Node are nothing but the physical machines.节点只不过是物理机器。

Hadoop NameNode and DataNode: Hadoop NameNode 和 DataNode：

HDFS has a master/slave architecture. HDFS具有主/从架构。 An HDFS cluster consists of a single NameNode, a master server that manages the file system namespace and regulates access to files by clients. HDFS 集群由单个 NameNode 组成，NameNode 是一个主服务器，用于管理文件系统命名空间并管理客户端对文件的访问。 In addition, there are a number of DataNodes, usually one per node in the cluster, which manage storage attached to the nodes that they run on.此外，还有许多 DataNode，通常集群中的每个节点一个，用于管理连接到它们运行的节点的存储。 HDFS exposes a file system namespace and allows user data to be stored in files. HDFS 公开了一个文件系统命名空间，并允许将用户数据存储在文件中。 Internally, a file is split into one or more blocks and these blocks are stored in a set of DataNodes.在内部，文件被分成一个或多个块，这些块存储在一组 DataNode 中。 The NameNode executes file system namespace operations like opening, closing, and renaming files and directories. NameNode 执行文件系统命名空间操作，如打开、关闭和重命名文件和目录。 It also determines the mapping of blocks to DataNodes.它还确定块到 DataNode 的映射。 The DataNodes are responsible for serving read and write requests from the file system's clients. DataNode 负责处理来自文件系统客户端的读写请求。 The DataNodes also perform block creation, deletion, and replication upon instruction from the NameNode. DataNode 还根据 NameNode 的指令执行块的创建、删除和复制。

Yeah, DataNodes are the slave node in Hadoop cluster.是的，DataNodes 是 Hadoop 集群中的从节点。

Please refer the documentation for more details.有关更多详细信息，请参阅文档。

Hadoop single-node Hadoop cluster with 1 Namenode(master) and 1 Datanode(slave).具有 1 个 Namenode（主）和 1 个 Datanode（从）的Hadoop 单节点Hadoop 集群。 Namenode have all the metadata and assigns for to slaves datanodes where data is stored and processing is done. Namenode 拥有所有元数据，并将其分配给存储数据并完成处理的从属数据节点。

Hadoop multi-node Hadoop cluster with 1 Namenode(master) and n Datanode(slave)具有 1 个 Namenode（主）和 n 个 Datanode（从）的Hadoop 多节点Hadoop 集群

spark master Same as Namenode in HDFS spark master与 HDFS 中的 Namenode 相同

spark worker Same as datanode but spark worker is only meant for processing not storing data. spark worker与 datanode 相同，但 spark worker 仅用于处理而不是存储数据。

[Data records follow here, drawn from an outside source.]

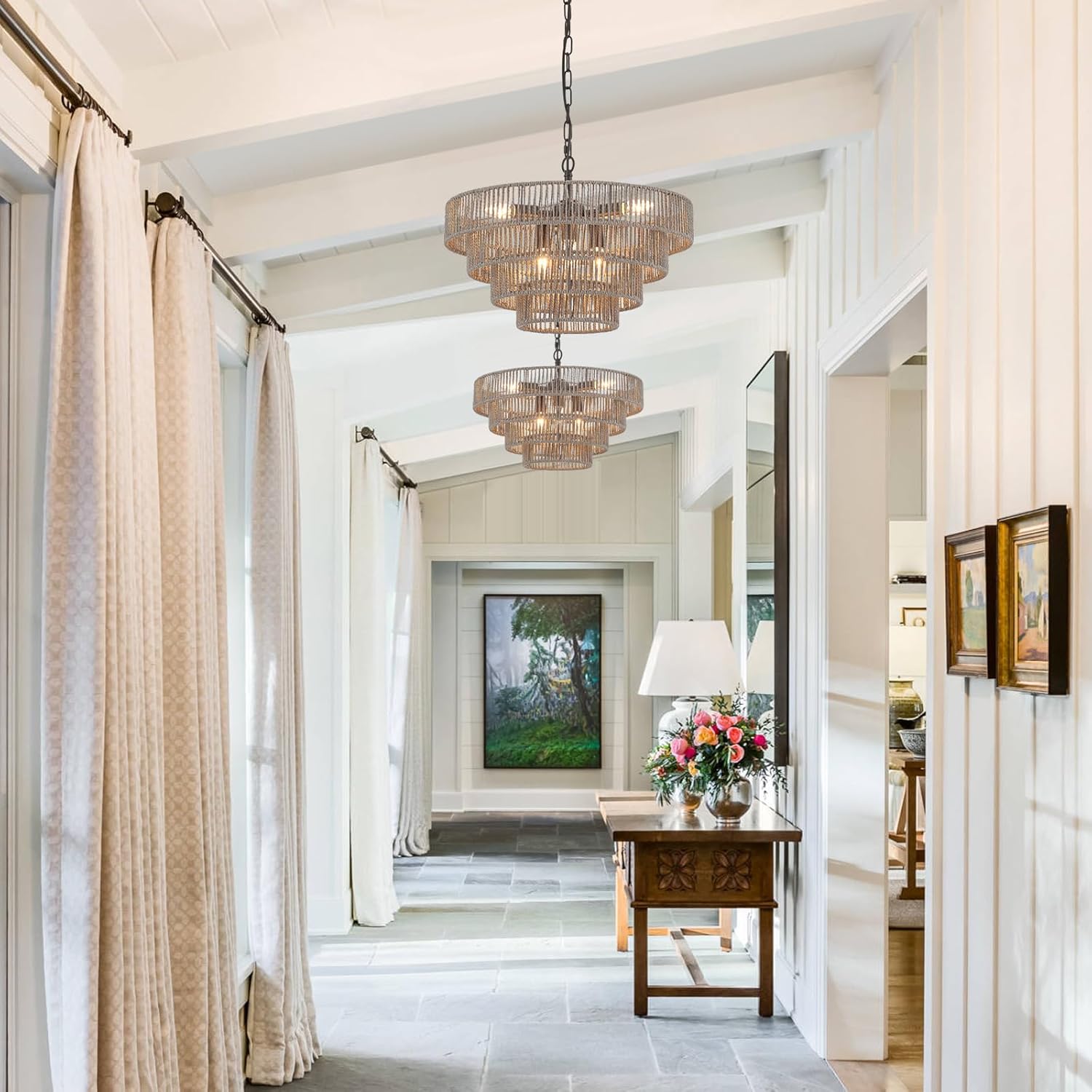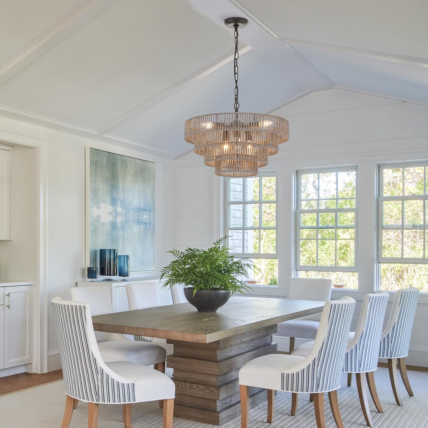 20” Hand-Woven Rattan Chandelier 6-Lights Transitional Minimalist 4 Round Boho Large Coastal Pendant Light for Kitchen Island Dining Room Living Room Hallway, Gray, UL Listed
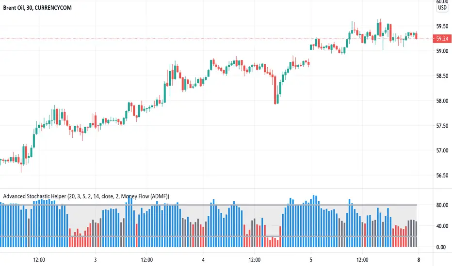 Advanced Stochastic Helper is an Stochastic Oscillator combined with an multiple SMA source :
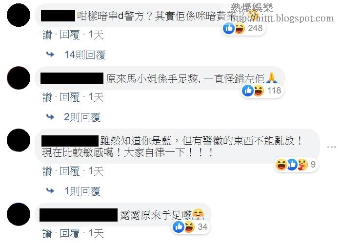 一心取悅藍絲博畀like的馬蹄露,結果被大量網民留言批評,「雖然知道你是藍,但有警徽的東西不能亂放!」、「過份,警察係狗?」及「你是不是在暗示我們偉大的警察是狗」。
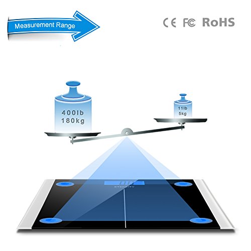 "Step-and-Read" - Immediate readings as soon as you step on the bathroom scale; Measurement Range:11lb-400lb (5kg-180kg)
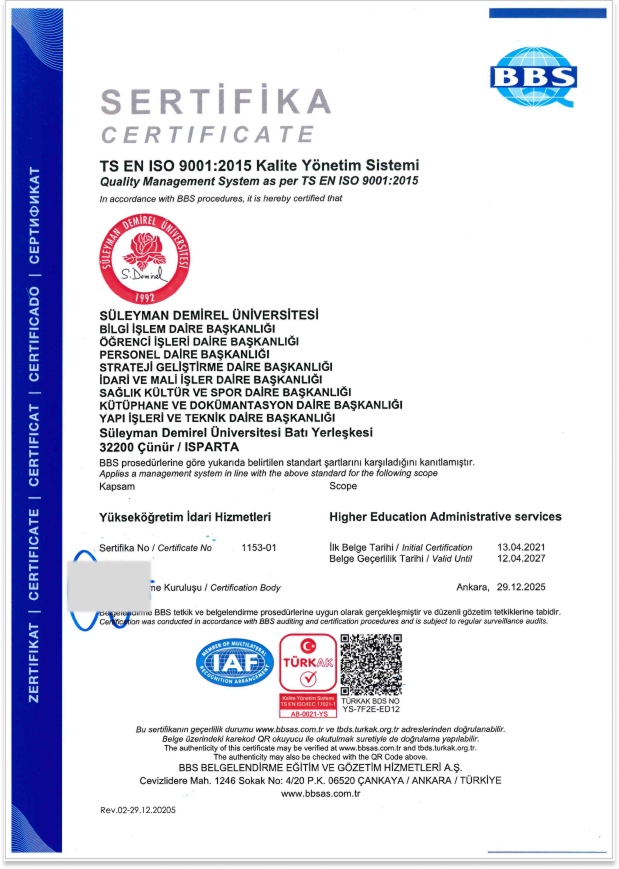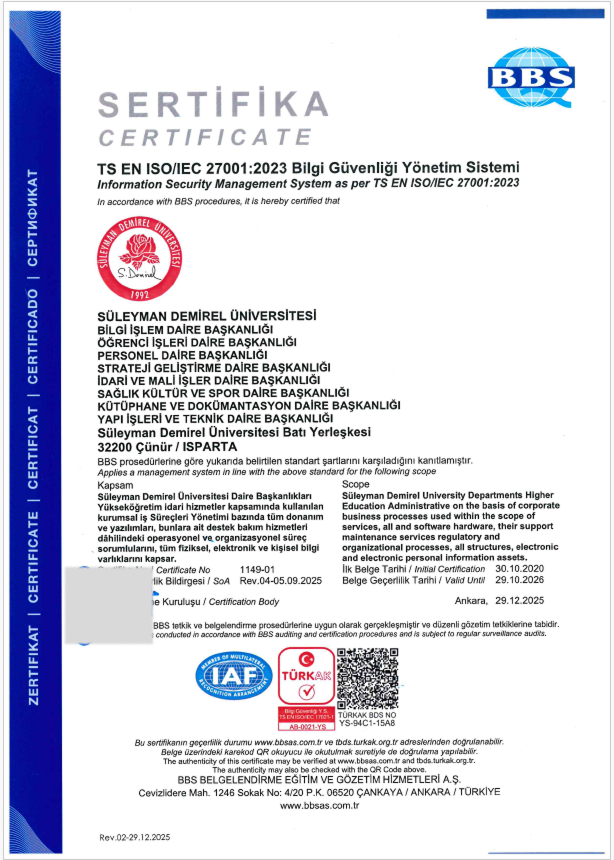 | ISO 9001 KALİTE YÖNETİM SİSTEMİ | ISO 27001 BİLGİ GÜVENLİĞİ YÖNETİM SİSTEMİ |
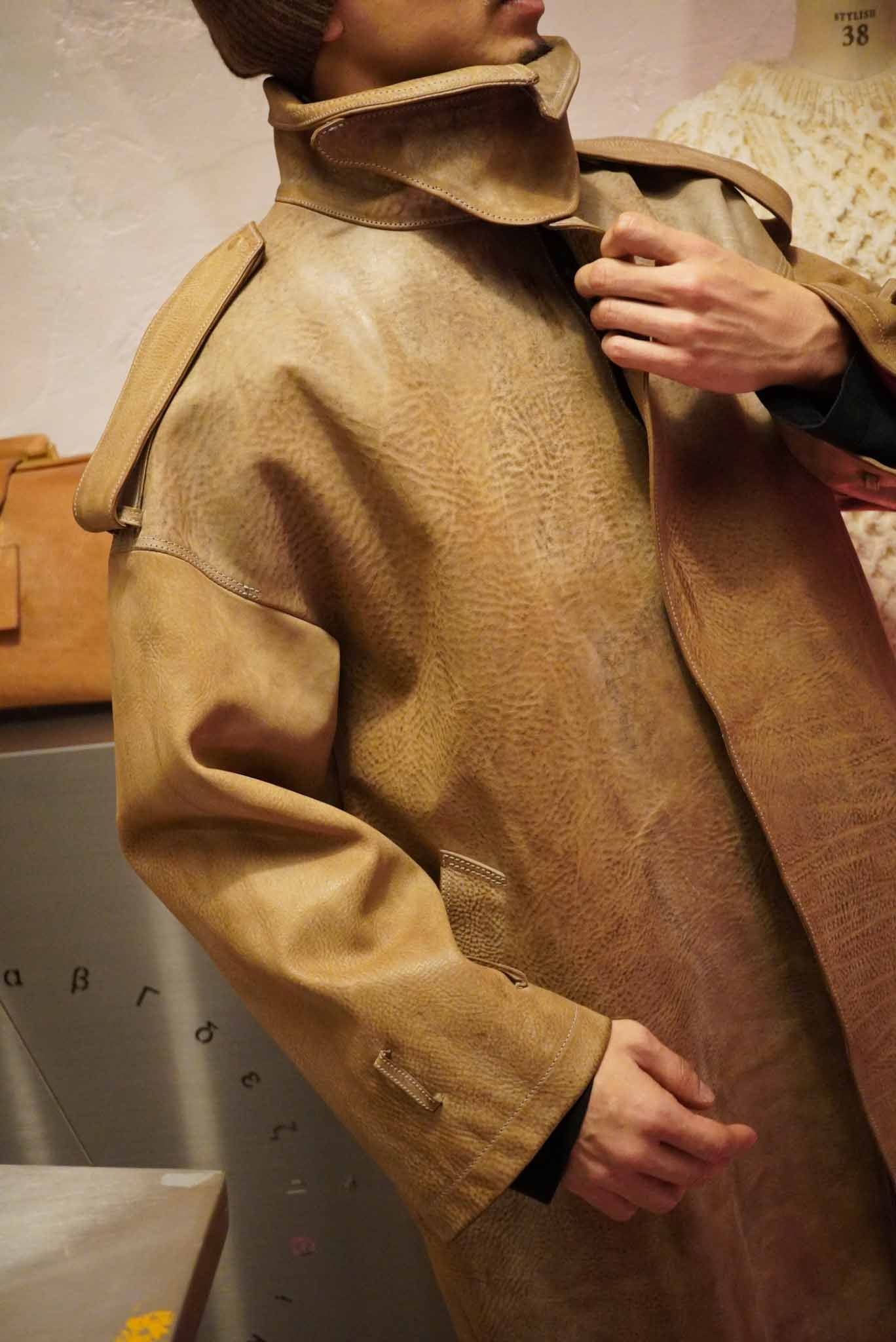 革の表情が大きく変わるこの作品は日常のアウターとしてはもちろん、アート作品としても愉しんでいただきたいそうです。
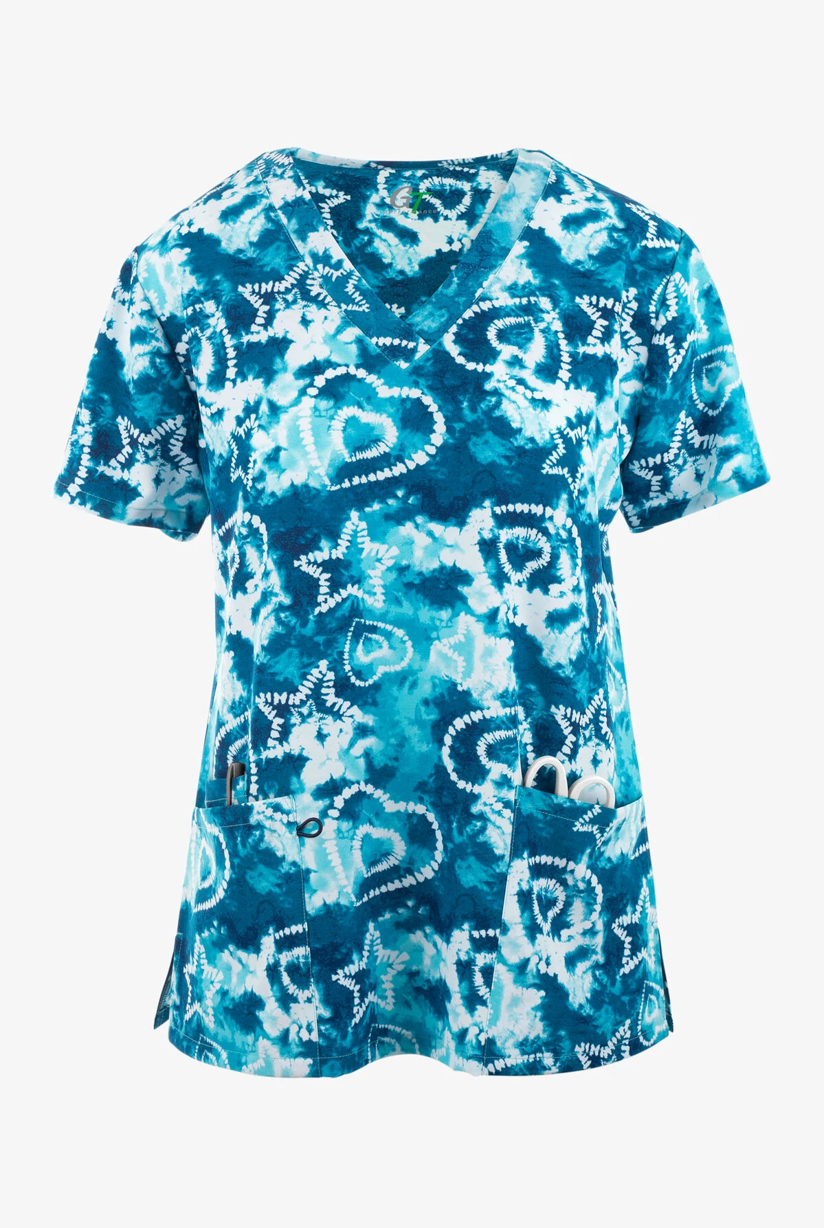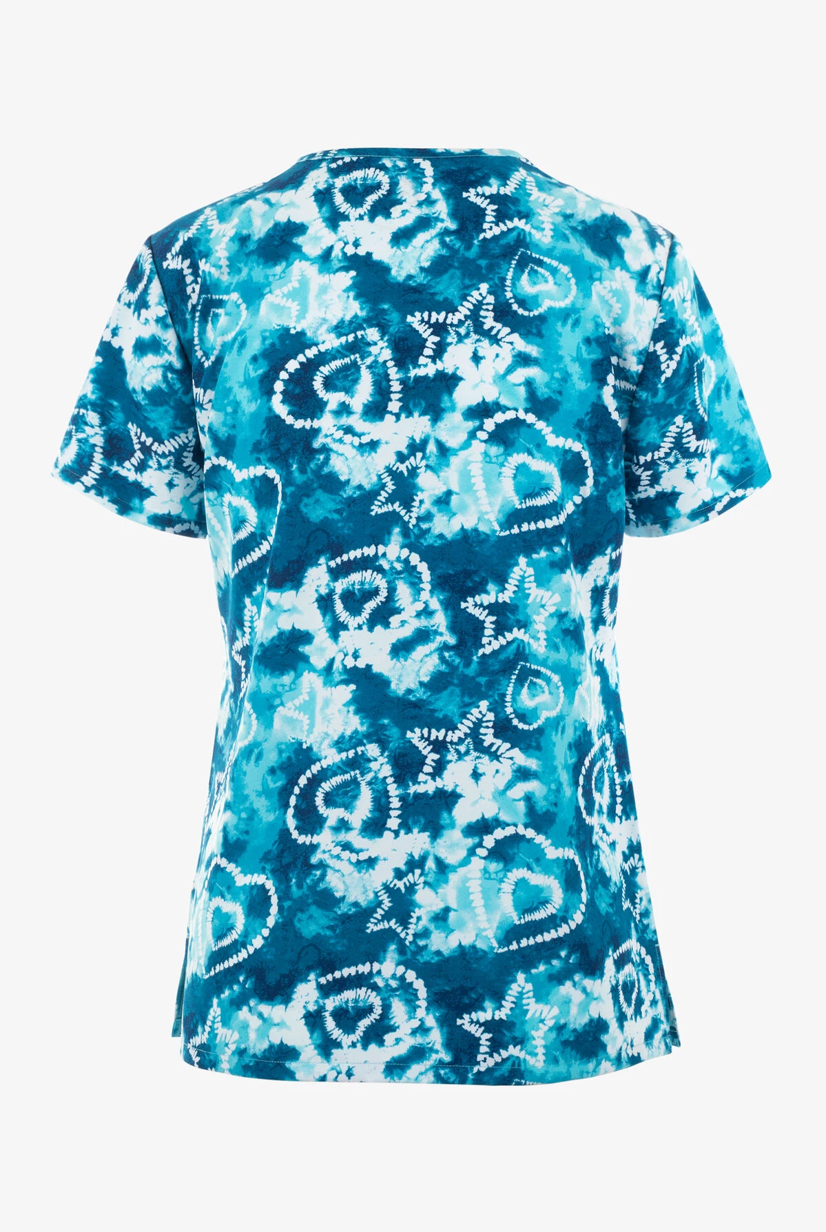 Easy STRETCH By Butter-Softâ„¢ Rotterdam Ikat Navy Women’s 2-Pocket V-Neck Tuck-In Print Scrub Top
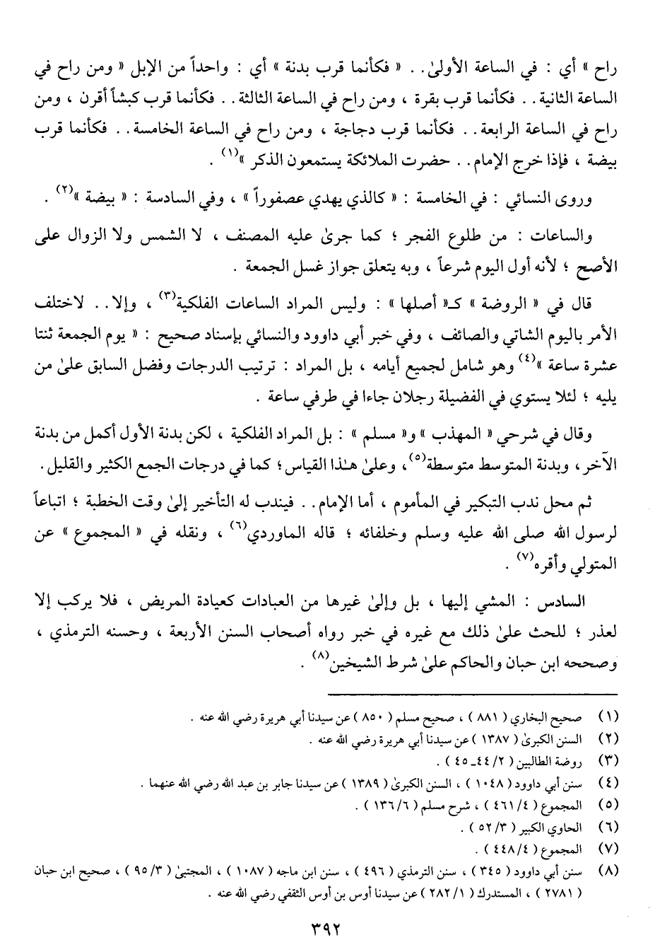 قال في "الروضة" كـ"أصلها": وليس المراد الساعات الفلكية، وإلا .. لاختلف الأمر باليوم الشاتي والصائف، وفي خبر أبي داوود والنسائي بإسناد صحيح: "يوم الجمعة ثنتا عشرة ساعة" وهو شامل لجميع أيامه، بل المراد: ترتيب الدرجات وفضل السابق على من يليه؛ لئلا يستوي في الفضيلة رجلان جاءا في طرفي ساعة.
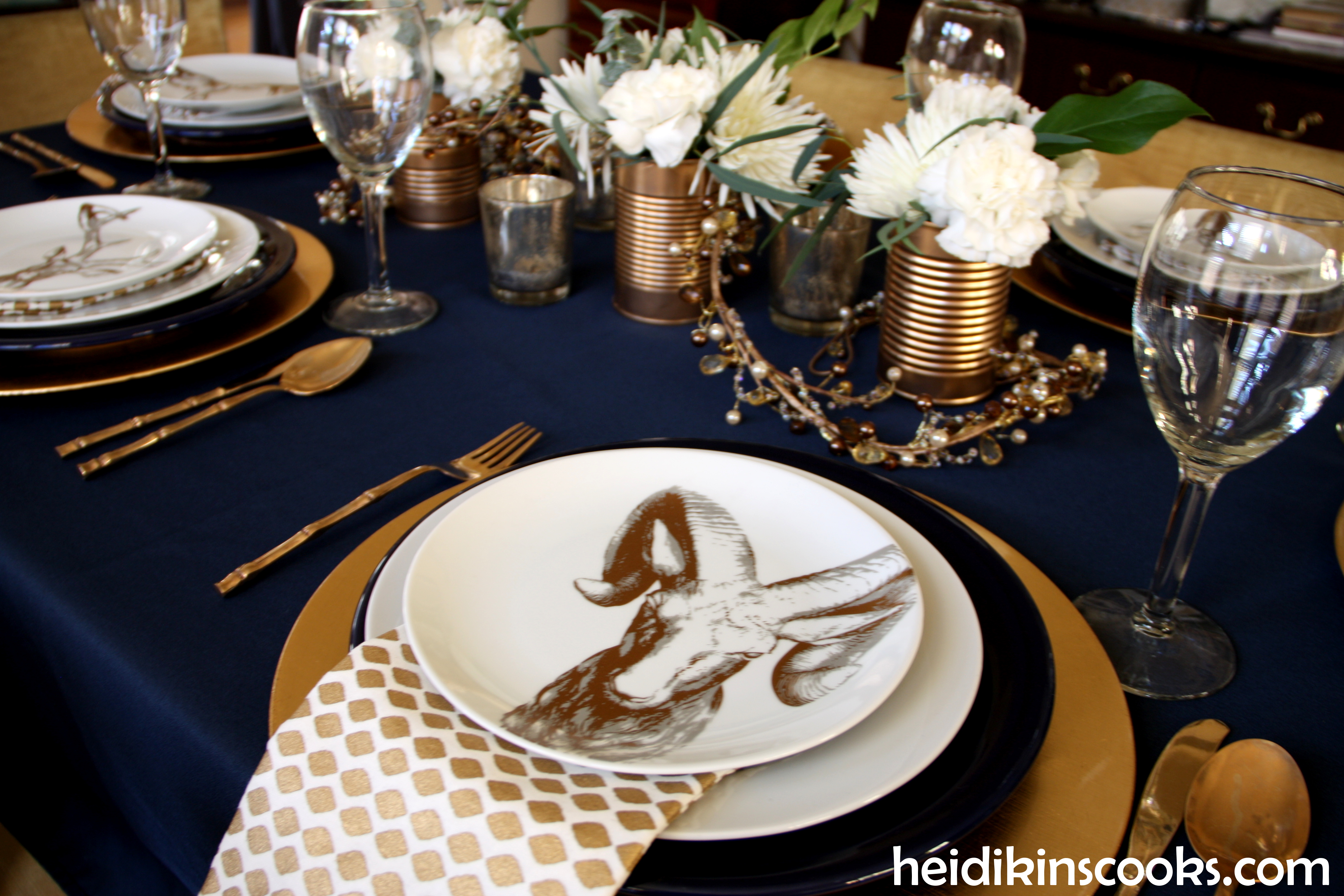 I had very few other things that were gold, but a little gold spray paint, some washed tin cans, and $7.00 of grocery store flowers and greens were the beginning of this lovely, simple centerpiece. The votive candles are old, old, old, and I found the garland on sale at Micheal’s right before Thanksgiving (used in this autumn table setting). I like how the navy tablecloth sets of the gold so nicely, it seems to be the workhorse of these little tablescape adventures!)
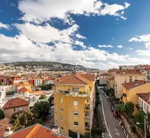 Квартира на верхнем этаже буржуазного здания без лифта в нескольких минутах от Place Garibaldi и Английской набережной. Общая площадь 83 m² (жилая 72 m²) - прихожая, двойная гостиная 25 m² с открытой островной кухней, первая спальня 16 m² с гардеробной и балконом, выходящим на восток, душевая комната (изготовлена под заказ) с умывальником примыкающие ко второй спальне 15 m² с кладовой. Стильный ремонт в сочетании с очарованием старины (высокие потолки с лепниной, большие окна, паркет ёлочкой) придают этой квартире очарование и элегантность. Квартира готова к заселению, прилагается подсобка 8.5 m² на чердаке. Коммунальные платежи 50 €, годовой налог 1.200 €.
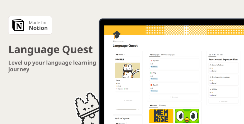 Language Quest is a powerful, all-in-one Notion dashboard designed to supercharge your language learning journey. Built with interconnected databases, it helps you stay organized, consistent, and motivated every step of the way.
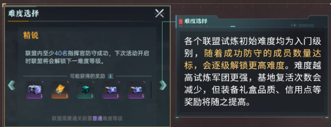 玩家可以根据联盟的积分,还有个人的积分去得到一些不同档位的奖励。个人的积分主要是根据玩家在当前战斗过程中的表现来评定,例如成功防守的次数,给敌人造成的伤害。联盟的积分则需要通过在当前活动中的综合表现来看。奖励主要是信用点,最高可以获得500个信用点,在游戏中信用点就可以招募英雄。
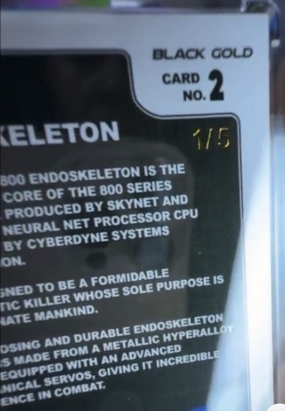 The product is a rare and highly sought-after 2024 Terminator 2 Black Gold trading card, limited to a print run of only 2. This non-sport trading card featuring the iconic Terminator franchise is in near mint condition and is considered a valuable collectible for fans and collectors. With only 5 cards in existence, this specific card is a prized possession for any Terminator enthusiast looking to add a unique piece to their collection. Very rare card.
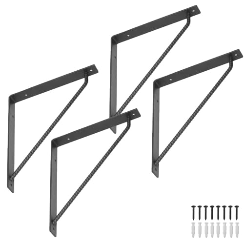 ビクトモのブラケット棚受け金具4個セットAタイプ。サイズは30cm×25cmで、業務用やDIYに最適。黒いアイアン製でL型デザイン、シェルフやラックの取り付けに便利です。
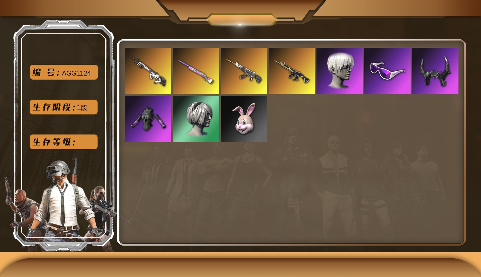 法-1498 1328级 信誉等级3 弹珠aug 10级 美杜莎762 10级 赛博朋克mk12 7级 无信号m4 唐僧平底锅 2级 异色弹珠 异色美杜莎 黑人 尼尔套 渔夫帽 发光手臂 2021pgc黄金面具 白战神 黄东南亚 悲喜战神套

To put thing in context(simple) - If there is 1 Namenode and 2 datanode(1GB memory) cluster.将事情放在上下文中（简单） - 如果有 1 个 Namenode 和 2 个 datanode（1GB 内存）集群。 A 2 GB file will be split and stored on datanodes.一个 2 GB 的文件将被拆分并存储在数据节点上。 Similarly to spark job will be split to process this data on individual datanodes(workers) in parallel.类似于火花作业将被拆分以并行处理各个数据节点（工作人员）上的这些数据。